> _EXERCISE PROMPT_: Transcribe word for word the section of the records below that opens with the line containing "入口高さ | パイプ径 |" and closes with the line containing "Онлайн-встреча студентов кафедры"; drop every picture.
*** Opening RECORDS PROVIDED ***
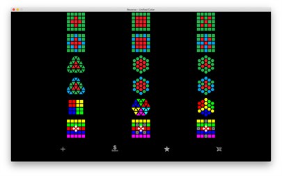 Diese APP enthält einige einfache und interessante Farbrätsel.Jeder hat ein paar Modi und Ebenen.Alle müssen nachdenken und wählen. Unified Color: Klicken Sie, um alle Polygone die gleiche Farbe haben zu lassen.Weitere Polygone ändern die Farbe, wenn Sie auf eins klicken.Es gibt drei Formen (Dreieck, Quadrat, Sechseck) und jeder hat einige Muster und sechs Ebenen. Rotierende Farbe Puzzle: Klicken Sie, um Farbblöcke zu drehen, um sie an die richtige Stelle zu setzen.Es gibt drei Formen (Dreieck, Quadrat, Sechseck) und jeder hat sechs Ebenen. Zyklische Farbblöcke: Schieben Sie die Farbblöcke kreisförmig, um die Farbe horizontal oder vertikal und horizontal zu erhalten.Einschließlich Speichermodus, der die Farbe beim Gleiten verdeckt.
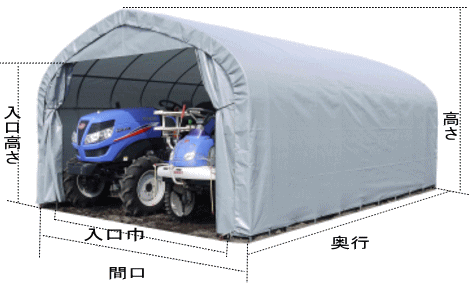 | 間口 | 入口巾 | 奥行 | 高さ | 入口高さ | パイプ径 |
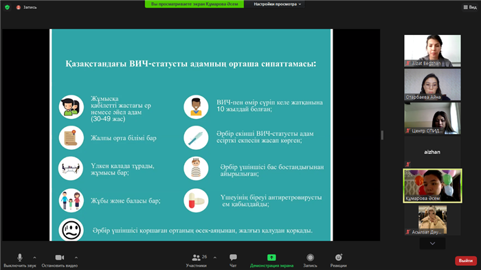 Онлайн-встреча студентов кафедры международного права факультета международных отношений с социальным врачом Центра по профилактике и борьбе со СПИД г. Алматы
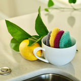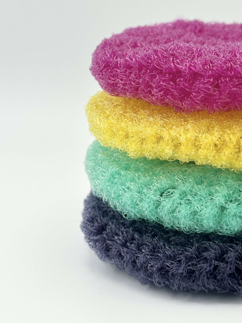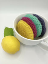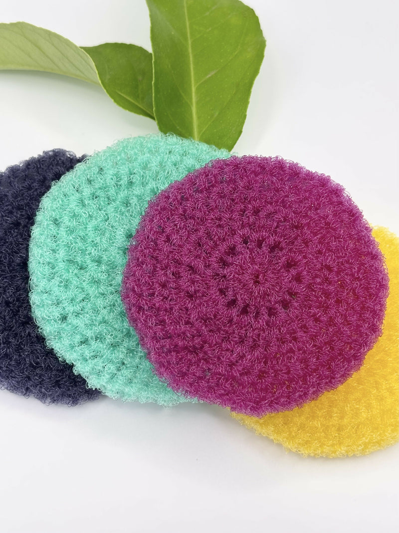 Kitchen Scrubby Crochet Pattern PDF Download. This pattern is written in English with US Terminology, not the actual product. Made from Lion Brand Stitch Soak Scrub nylon yarn, this is the best scourer scrubby (scrubbies) that you will find. Gentle yet effective, it is the perfect size to hold. Beginner/intermediate level crochet, although beginners can follow the instructions easily. The pattern uses one continuous thread, not multiple pieces and the yarn comes in multiple colors. Featured colors are Blue Indigo, Cyber Yellow, Pansy, Cabbage and Eventide. Finished size is 3 1/2" when using a J/6 mm hook and the recommended yarn.
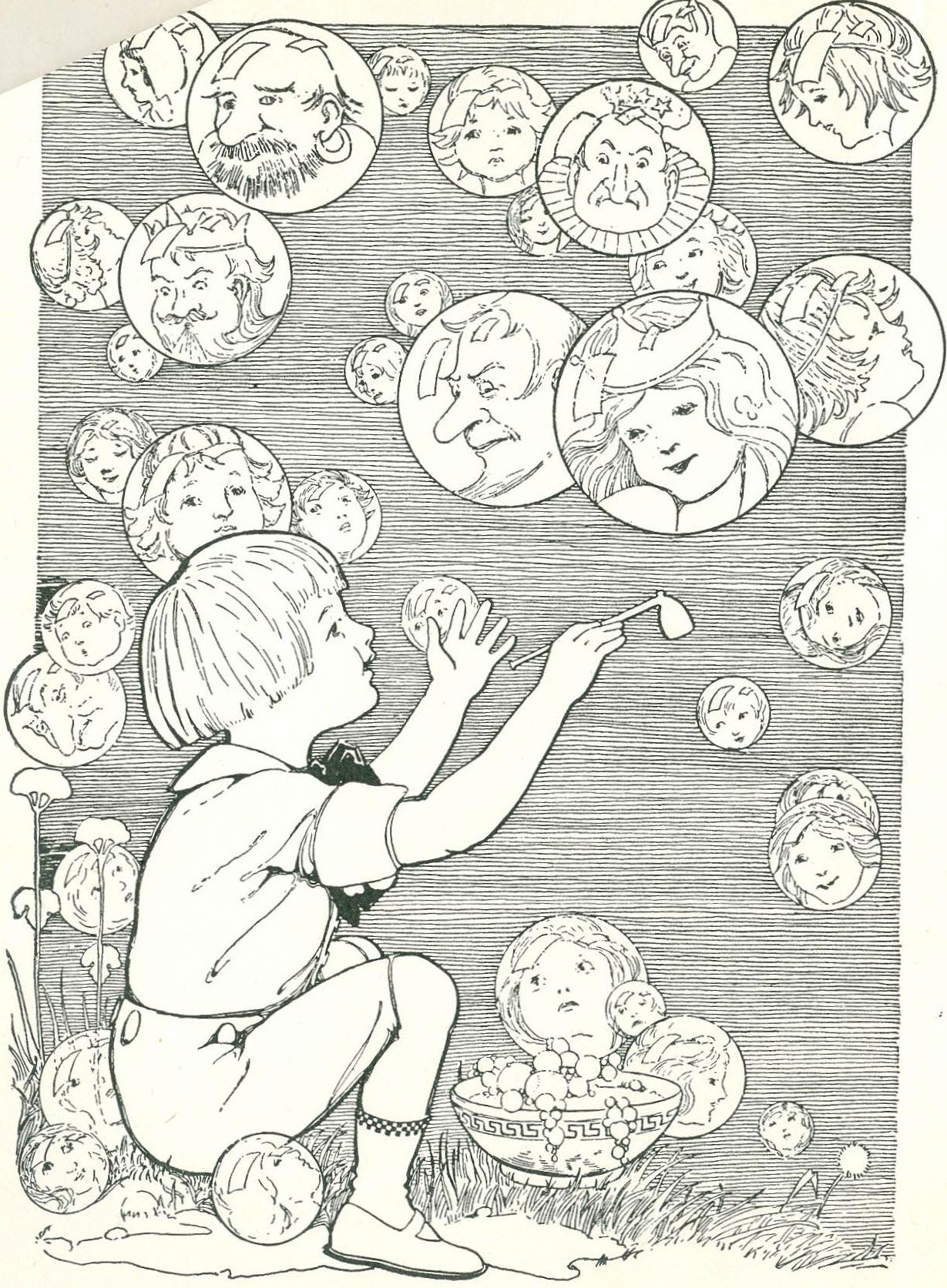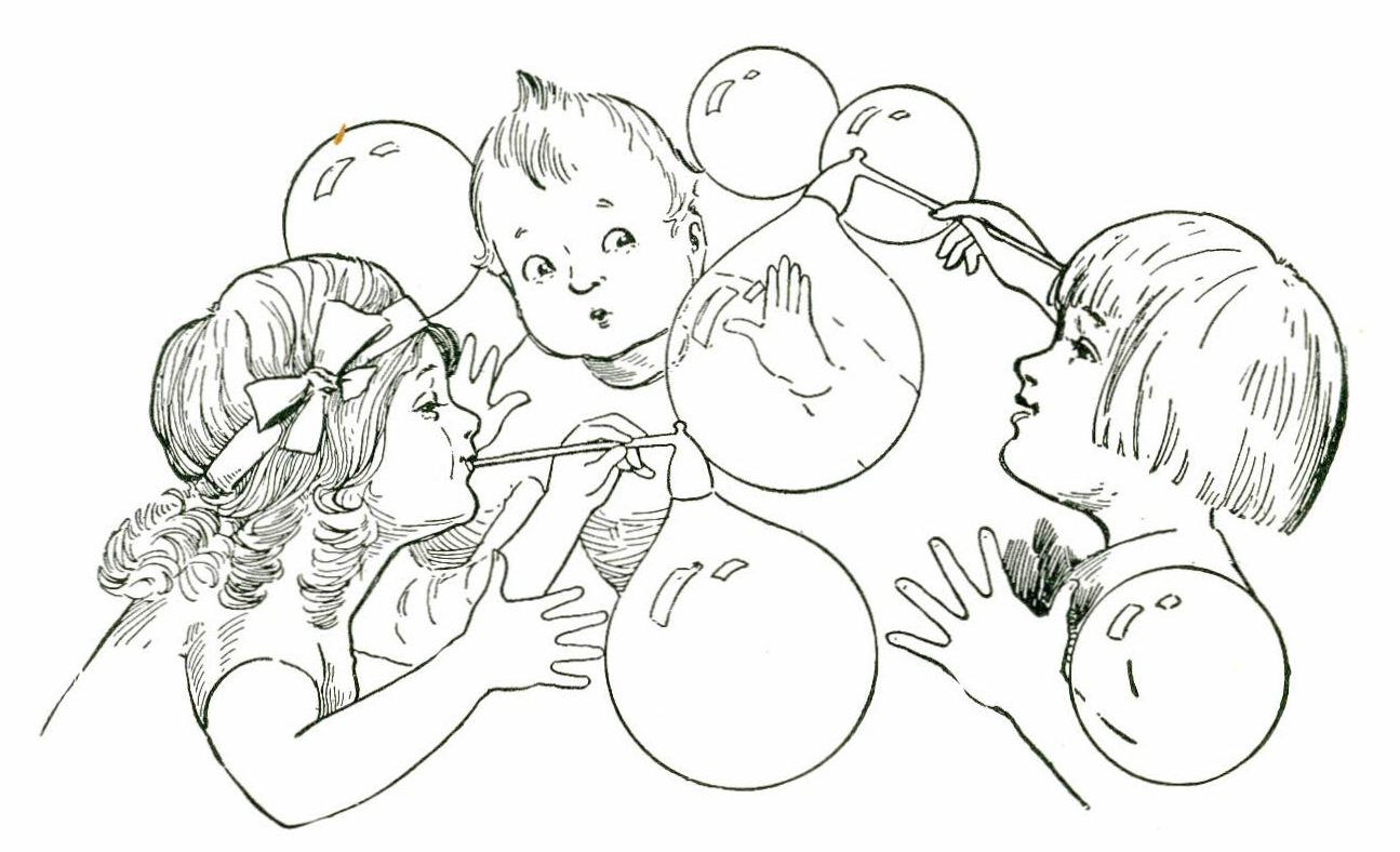 One day Bobbie and Betty and Billy were out in the garden blowing bubbles. They all blew bubbles, big ones and little ones, till evening came and it was almost time for tea. Then Billy said, “I can blow the biggest bubble anybody's blown to-day,” and blew a bubble as big as an apple.
*** Closing RECORDS PROVIDED ***
> _EXERCISE OUTPUT_:
 | 間口 | 入口巾 | 奥行 | 高さ | 入口高さ | パイプ径 |
 Онлайн-встреча студентов кафедры международного права факультета международных отношений с социальным врачом Центра по профилактике и борьбе со СПИД г. Алматы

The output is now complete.